Regional micrometastasis of low rectal cancer in mesorectum: a study utilizing HE stain on whole-mount section and ISH analyses on tissue microarray.

摘要

AIM: To investigate the regional spread of microscopic tumor nodules in the mesorectum of patients with low rectal cancer, and to provide further pathological evidence for optimal procedure selection of radical resection for rectal cancer. METHODS: Sixty-two patients with low rectal cancer underwent low anterior resection and total mesorectal excision (TME). Surgical specimens were sliced transversely on serial embedded blocks at 2.5-mm intervals, and stained with hematoxylin and eosin (HE).

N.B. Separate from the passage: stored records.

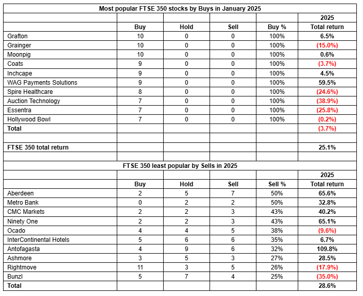 “Analysts covered themselves in glory in 2025, as their top picks outperformed and their least preferred names did less well than the FTSE 100,” Mould said.
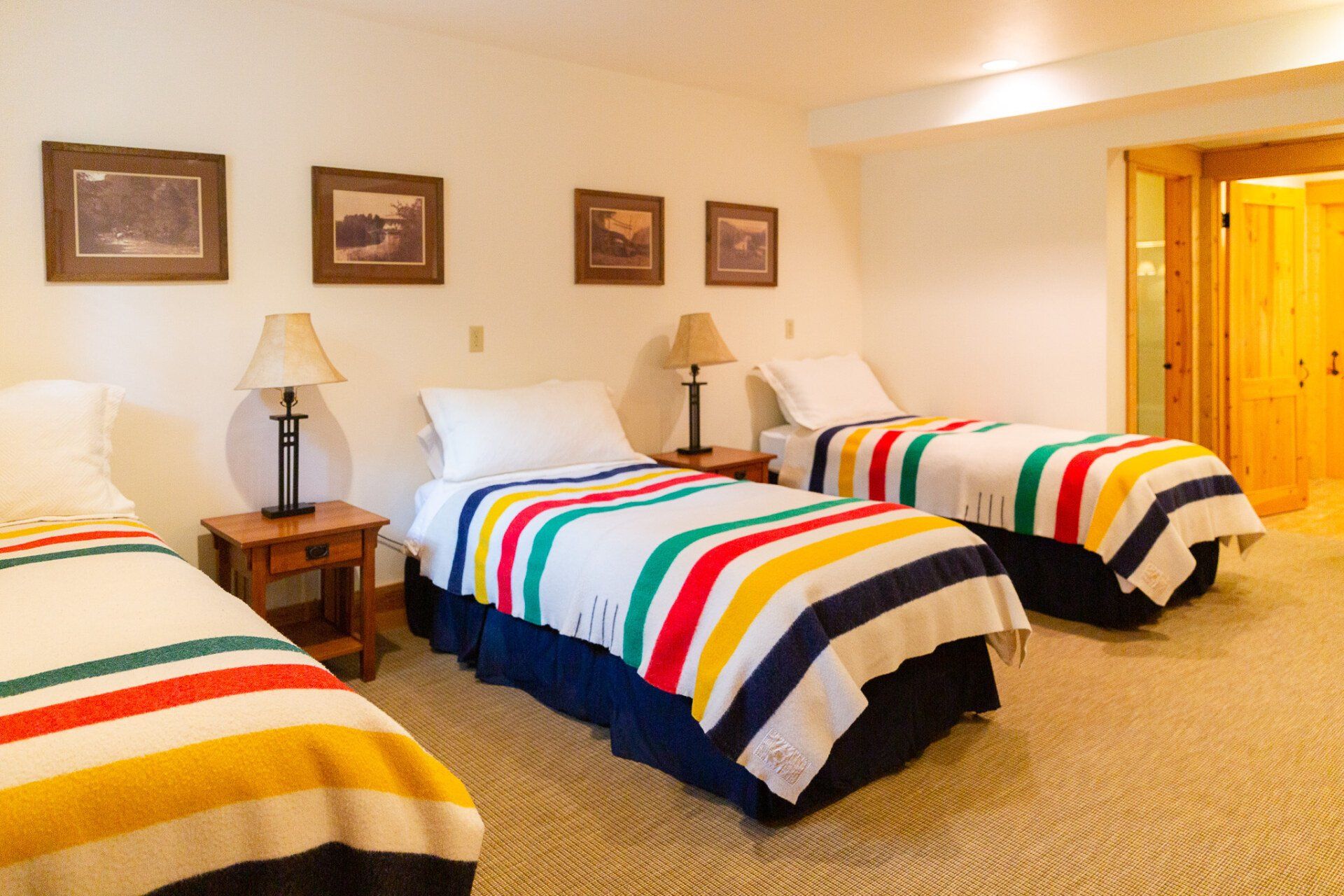 Two main floor bedrooms offer one king and one queen bed, and a lower dorm-style bedroom sleeps five guests.
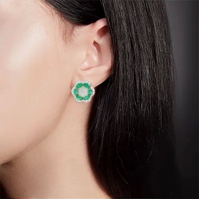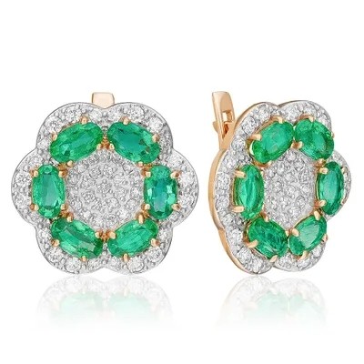 صفحة العنوان > مجوهرات > أقراط بلاتينا مع قفل إنجليزي مصنوع من 585 من الذهب الأحمر مع الزمرد والماس
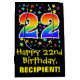 Denna pulserande, färgstarka och roligt-födelsedagspressformade formgivning har ett stort nummer "22" med en regnbågsspektralgradient stil mönster, tillsammans med meddelandet "Lycklig 22:a födelsedagen" och en redigerbar mottagare namn. Den har också en bakgrund i mönster med stjärnformer av olika storlek och färg. En roligt presentsäck som denna kan användas när man slår in presenter som ges till någon i firande på deras tjugoandra födelsedag. [~Z0000510]
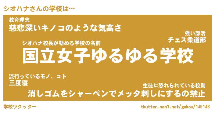 | ファンタジー風あだ名 | 『シオフェル』『エターナルシオハナー』 |

On whole-mount sections the mesorectum was divided into 3 regions: the outer region of the mesorectum (ORM), the middle region of the mesorectum (MRM), and the inner region of the mesorectum (IRM). Microscopic metastatic foci were investigated for metastatic mesorectal region, frequency, types, involvement of the lymphatic system, and correlation with the primary tumor. Tumor-suspect nodules previously considered disease free by HE stain on whole-mount section were examined by in situ hybridization (ISH) on tissue microarray (TMA) through detecting mRNAs of CEA and CK20 with non radioactive biotin-tagged oligonucleotide probes. RESULTS: Microscopic spread of the tumor was observed in 50.0 percent of patients (31 out of 62, 24 by HE stain on whole-mount section and 7 by ISH on TMA) and that in the ORM was observed in 38.7 percent of the patients (24 out of 62, 16 observed by HE stain on whole-mount section and 8 by ISH on TMA). Microscopic tumor foci spread in the circumferential resection margin (CRM) occurred in 8.1 percent of the patients (5 out of 62, 4 observed by HE stain on whole-mount section and one by ISH on TMA), and distal mesorectum (DMR) involvement was detected in 6.5 percent (4 out of 62, all observed by HE stain on whole-mount section), with the spread extending to within 3 cm from the lower margin of the tumor. Most (26 of 31) of the patients with microscopic spread in mesorectum had TNM Stage III diseases. CONCLUSIONS: The results of the present study support the theory that complete excision of the mesorectum without destruction of the ORM is essential for surgical management of low rectal cancer, and an optimal DMR clearance resection margin of no less than 4 cm was referenced. Five patients with microscopic tumor nodule spread in the CRM observed in the study suggested that microscopic metastases exist in pelvic lateral areas and in the mesorectum simultaneously, indicating the significance of preoperative and/or postoperative radiochemotherapy.